As the world grapples with an unprecedented health crisis, it is now more important than ever to ensure that the information we share is accurate and fact-based. Fake news and misinformation seem to be spreading as fast and as far as the virus itself, infecting our newsfeeds and timelines at this crucial moment.
For this reason, RMIT ABC Fact Check has launched CoronaCheck, an email newsletter in which we will bring you the latest in fact-checking from around the world in relation to the coronavirus.
You can read the latest edition below, and subscribe to have the next newsletter delivered straight to your inbox.
Newspaper readers on the east coast were this week confronted with a series of full-page advertisements placed by billionaire Clive Palmer, who announced he had bought up nearly 33 million doses of the anti-malarial drug hydroxychloroquine to aid the fight against COVID-19. We’ve taken a look at his suggestion that the drug has helped flatten the coronavirus curve in Australia.

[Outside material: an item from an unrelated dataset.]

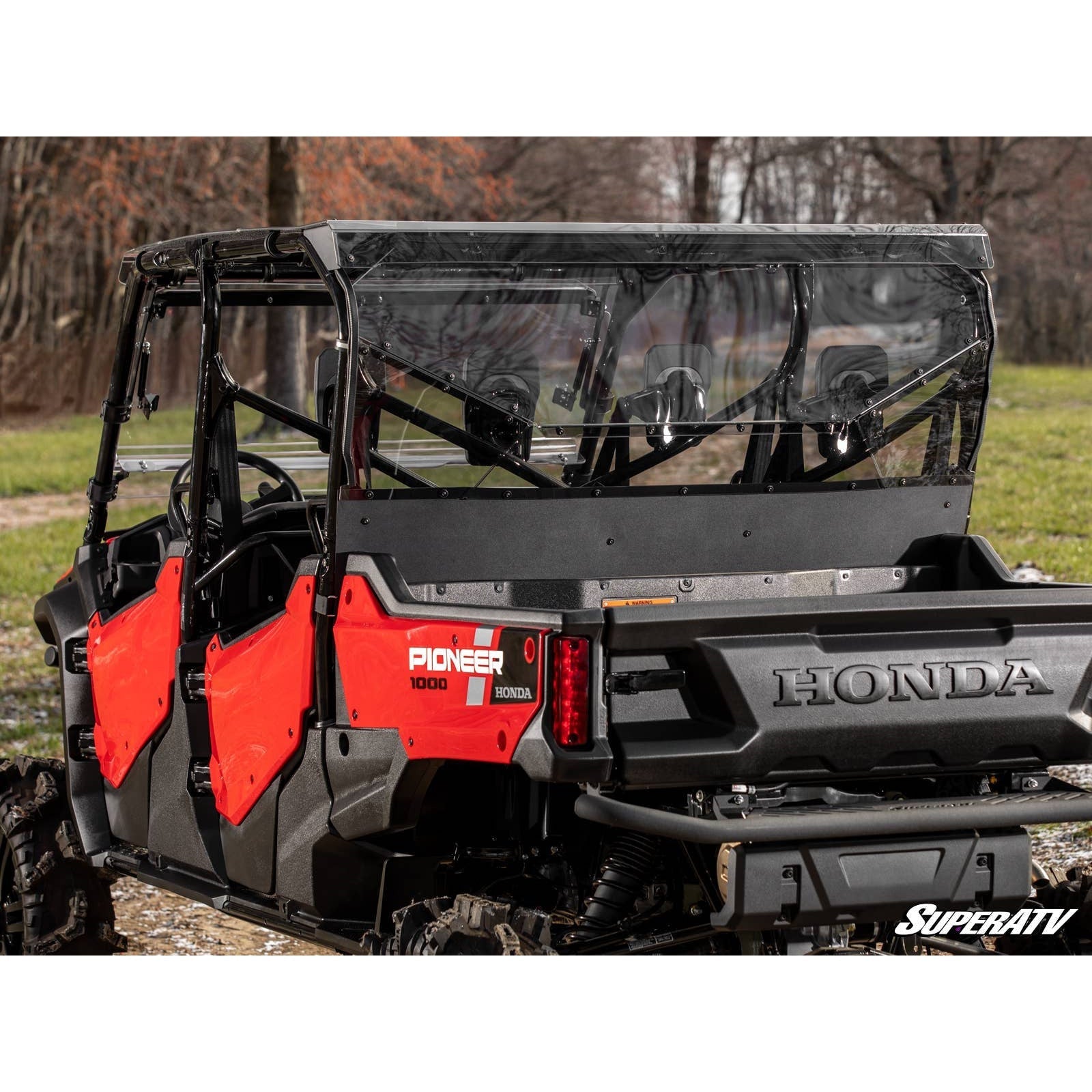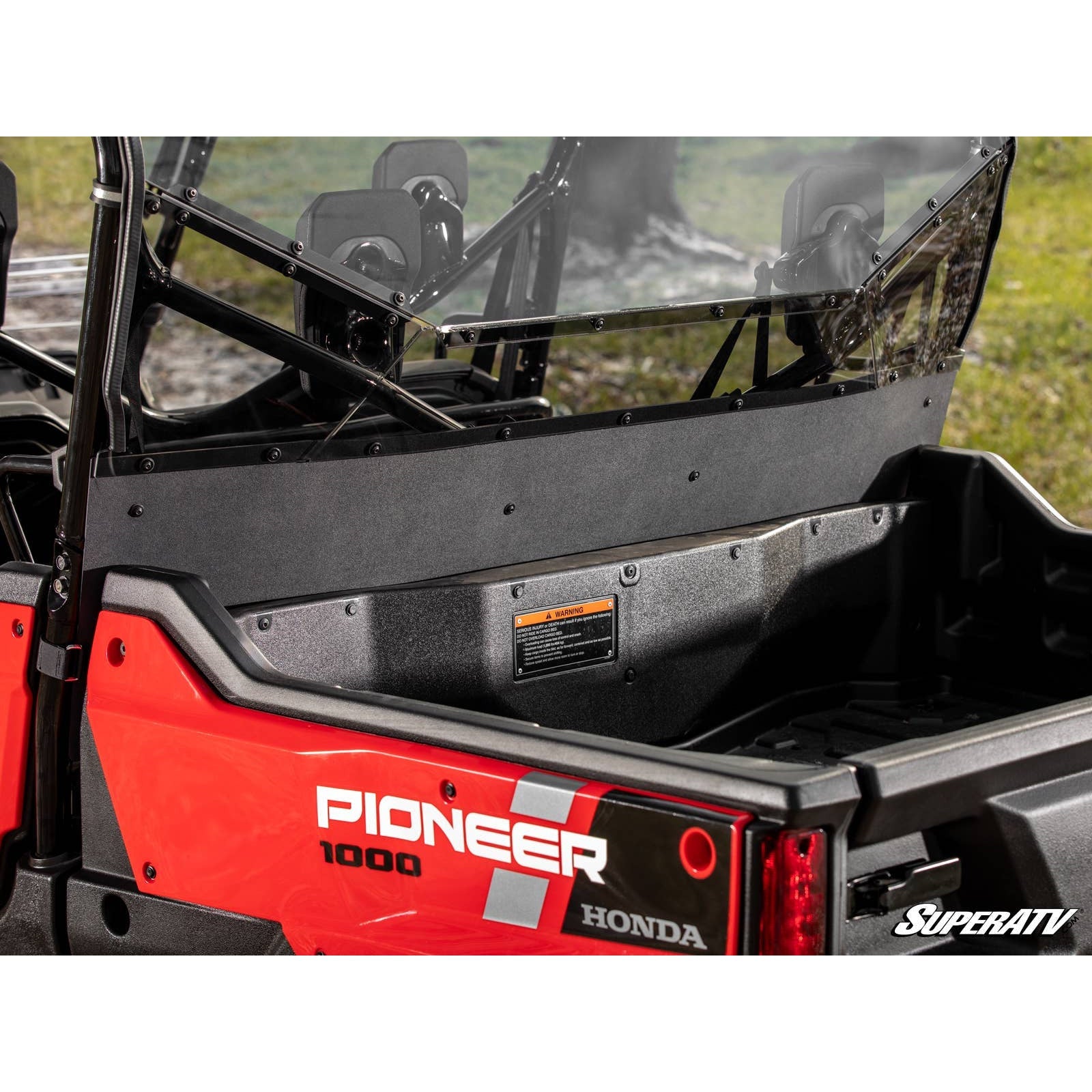 A top-notch SuperATV Rear Windshield is essential to your Honda Pioneer 1000-6. It provides protection from your own rooster tails, prevents dust from being sucked into your cab (when running a front windshield), and doesn't restrict you from dumping your bed. Plus, it's lightly tinted to deflect the sun's glare. With its durable construction, you can trust this windshield to handle the trail's and mother nature's demands.

We’ve also run the rule over an onslaught of misinformation being spread about another billionaire, Bill Gates, and gone back in time to compare previous pandemics and epidemics to the one we’re facing now.
Checking Clive Palmer’s hydroxychloroquine ads
Billionaire businessman and former federal MP Clive Palmer took out back-to-back full-page advertisements in the Murdoch press this week announcing that his foundation had purchased 32,900,000 doses of the anti-malarial drug hydroxychloroquine as a donation towards Australia’s fight against COVID-19.
The advertisements implied a link between a decision taken by Health Minister Greg Hunt four weeks ago to make hydroxychloroquine available to doctors treating COVID-19 patients and Australia’s death rate since from the virus, which was the “lowest in the world”, while acknowledging “the [infections] curve has flattened”.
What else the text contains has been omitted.